Canon Emeritus Dr Paul Oestreicher and his wife, Prof
Barbara Einhorn, visit one of his childhood haunts, St
Kilda beach. Photo by Gerard O'Brien.
After living abroad for almost 55 years, retired
Anglican priest Dr Paul Oestreicher has returned to his home
town of Dunedin for the best of reasons - to receive an
honorary doctor of divinity degree today from his alma mater,
the University of Otago.
Reporter Allison Rudd
talks to a man who overcame the persecution of his childhood
and rejected a lifetime of resentment in favour of the Biblical
principle of loving his neighbours - and his enemies.
Some might say Paul Oestreicher is a dreamer.
In a world torn apart by military aggression, nuclear
threats, poverty and religious intolerance, his philosophy
might seem an overly simple one: treat others as you would
like to be treated yourself.
But the man who has devoted his life to peace and social
justice is quite sincere about his belief that love will
conquer all.
"I have a deep feeling there is something, for want of a
better word, called love, that sustains us and can make a
real difference. So however terrible the world is, every act
of love can make it better.
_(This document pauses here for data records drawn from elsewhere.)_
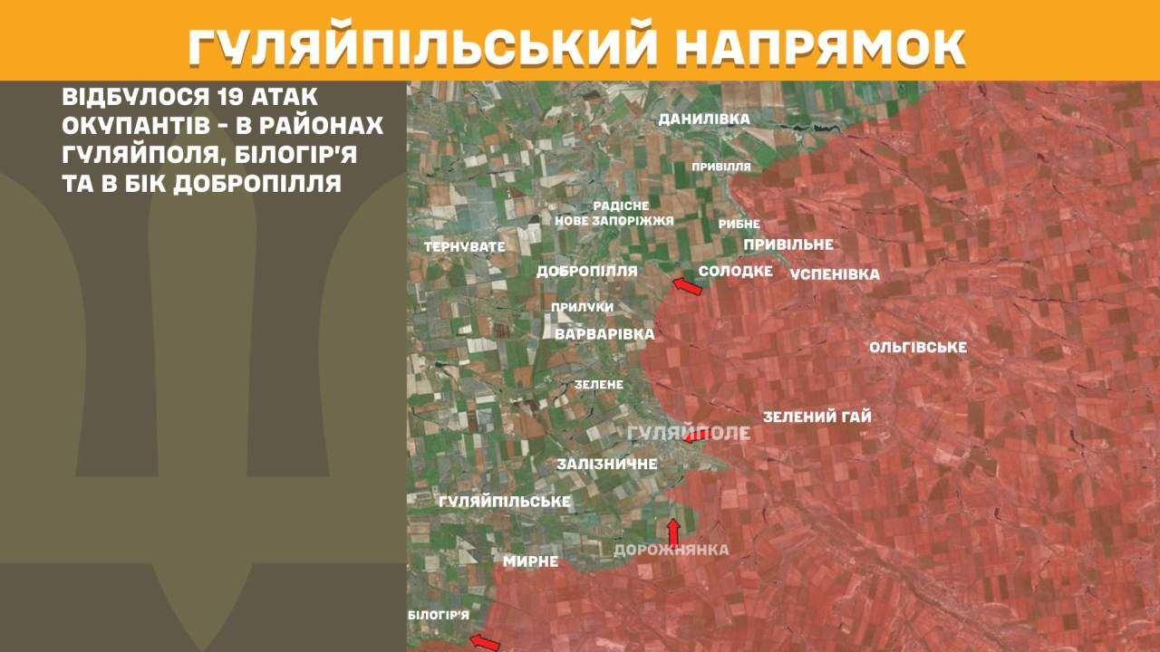 На Гуляйпільському напрямку відбулося 19 атак окупантів - в районах Гуляйполя, Білогір’я та в бік Добропілля.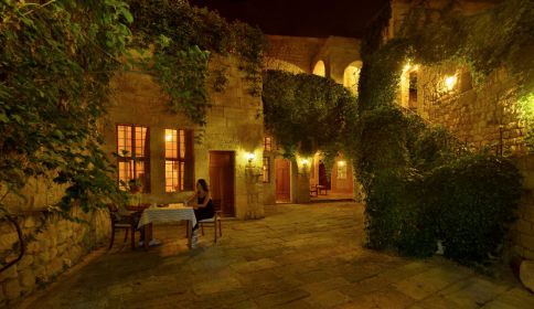 The bedroom has a high arched stone-cut ceiling above a king-size bed, good bedside reading lamps, a small writing and dressing desk, warm-light chandelier, and niches carved in the walls for local antiques, crafts, and books.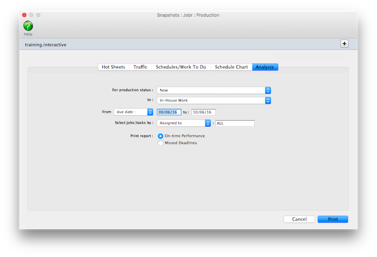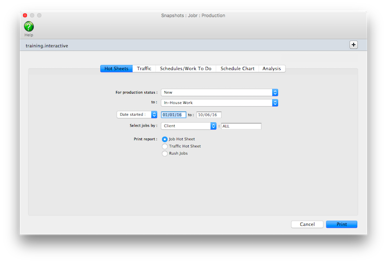 The Job Hot Sheet reports show jobs by production status, sorted by job number. Each job shows its job number, job name, client, and status. The Job Hot Sheet can show jobs selected for a range of start dates, due dates, added dates, or closed dates. It’s like the job lists you can also print from the Job Ticket window.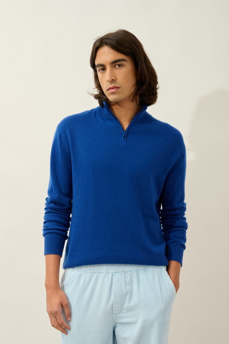 Pull Ambin 100% cachemire, 2 fils - Col montant zippé - Bleu roi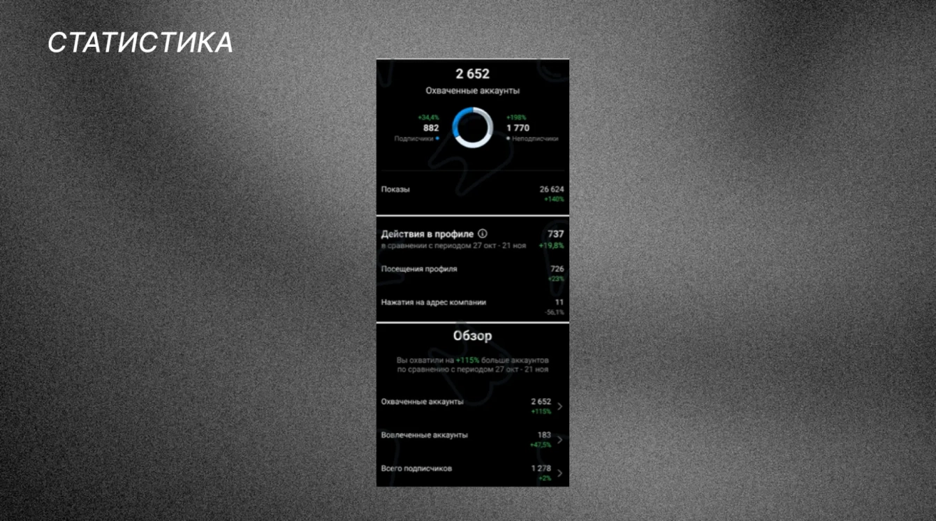 Показатель взаимодействия с контентом также увеличился, что говорит о том, что все посты стали получать больше отклика. Соответственно, нашей команде удалось грамотно проработать смысловую часть контента, а также захватить внимание продакшеном и постобработкой отснятого материала.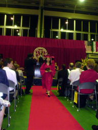 卒業証書を受け取り、花道を歩いて

Even in the darkest situations
there is hope."
Dr Oestreicher's view is all the more surprising because of
his background.
Born in Germany to a non-Jewish mother and a Christian father
with Jewish parents, he experienced the persecution of the
Jewish race under Hitler's anti-Semitic regime.
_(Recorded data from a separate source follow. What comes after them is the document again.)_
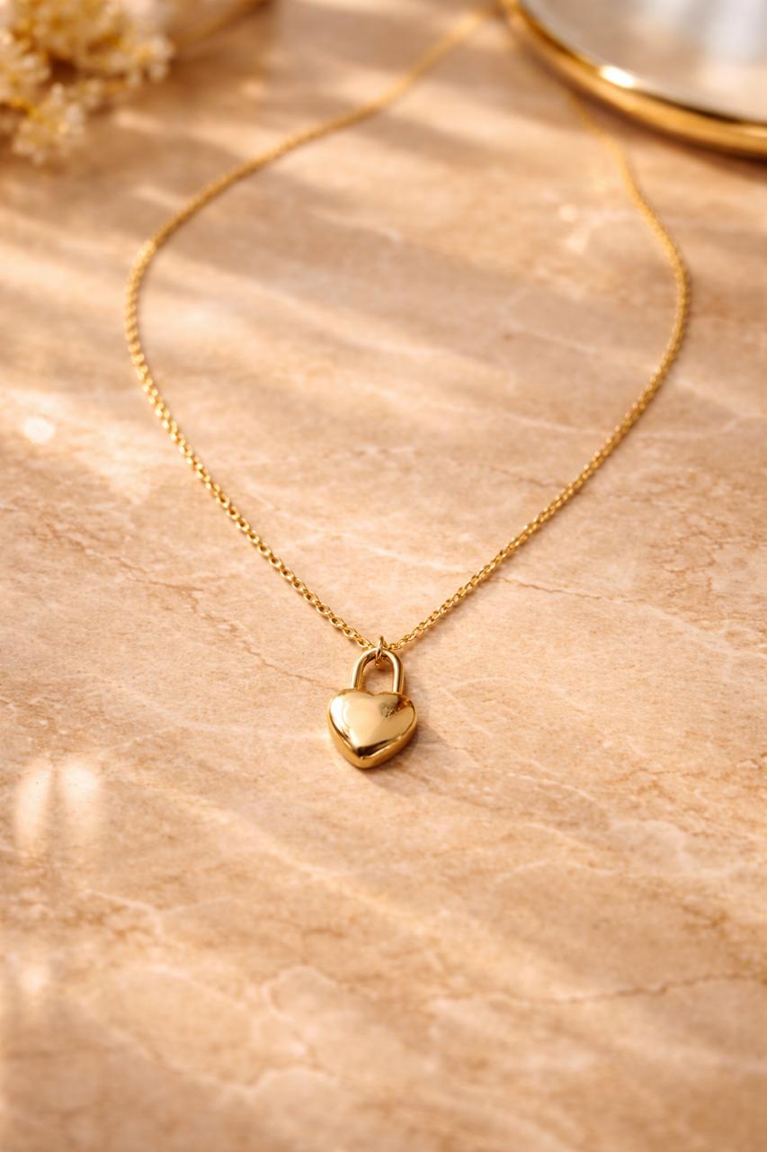 Golden Heart Lock Pendant Necklace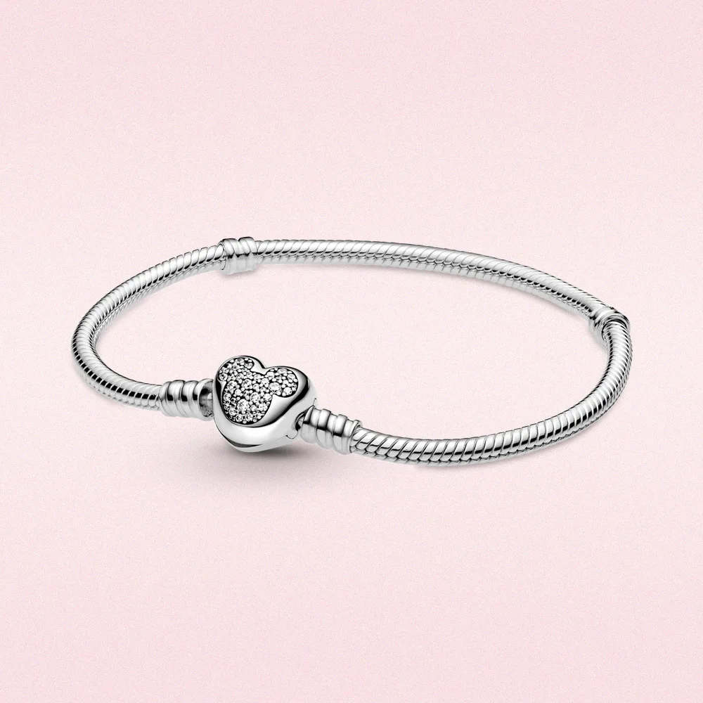 Браслет из серебра 925 пробы с застежкой в виде мыши и сердца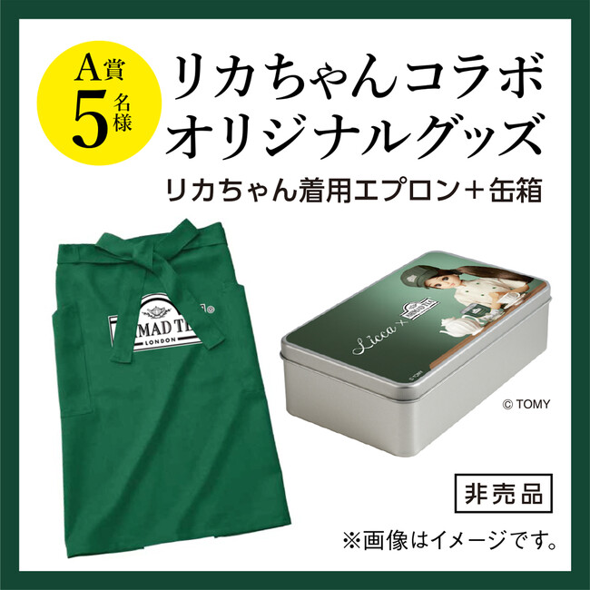 A賞:リカちゃんコラボオリジナルグッズ《リカちゃんお揃いエプロン(おとな用)&オリジナル缶箱》抽選で5名様

As a 6-year-old out walking with his mother, Emma, he watched
the start of the orgy of destruction against synagogues and
Jewish-owned shops which become immortalised as
Kristallnacht.
His father, also called Paul, a paediatric specialist, was a
patriotic German who had served as an officer in the German
army in World War 1.
By the time Kristallnacht occurred in November 1938, he and
other doctors deemed to be Jewish had been barred from
practising and became unemployable.
Jews' bank accounts had been confiscated and life was
becoming more and more restrictive for them.
The Oestreicher family had fled from a provincial town to
Berlin where young Paul was hidden by sympathetic non-Jewish
friends while his parents laid low and tried to stay one step
ahead of the authorities.
After Kristallnacht, the Oestreichers knew they had to leave.
However, with most countries closing their doors, the choice
of new home country narrowed down to New Zealand or
Venezuela.
The Oestreichers were accepted into New Zealand in 1939,
borrowing the required 2000 bond from a French friend of a
distant relative, and obtaining a guarantee of support from
the Anglican Church.
While they were now free to live and work, life was far from
easy.
The medical qualifications Dr Oestreicher had held for more
than 20 years were not recognised here and the family came to
Dunedin so he could undertake another three years of clinical
studies at the University of Otago medical school.
Dr Oestreicher jun remembers being the object of attention
and ridicule at Musselburgh School where children would chase
him around the playground calling him a Hun and a Jew.
His escape when sad or reflective was to escape to St Kilda
beach.
"To sit on the rocks at Lawyers Head and listen to the waves
crash and the seagulls cry was emotionally tremendously
important to me."
He says while he was a happy child, he always felt an
outsider.
"Dunedin was a very monocultural society. The only
non-indigenous children I was aware of were Chinese children
. . . some of whom were my friends. They were outsiders too,
but in my family's case it was even more extreme.
"We were were a family hunted out of Germany - expelled. But
we arrived with German passports and within two months we
were legally termed enemy aliens."
New Zealand was "relatively kind" to its aliens, he says.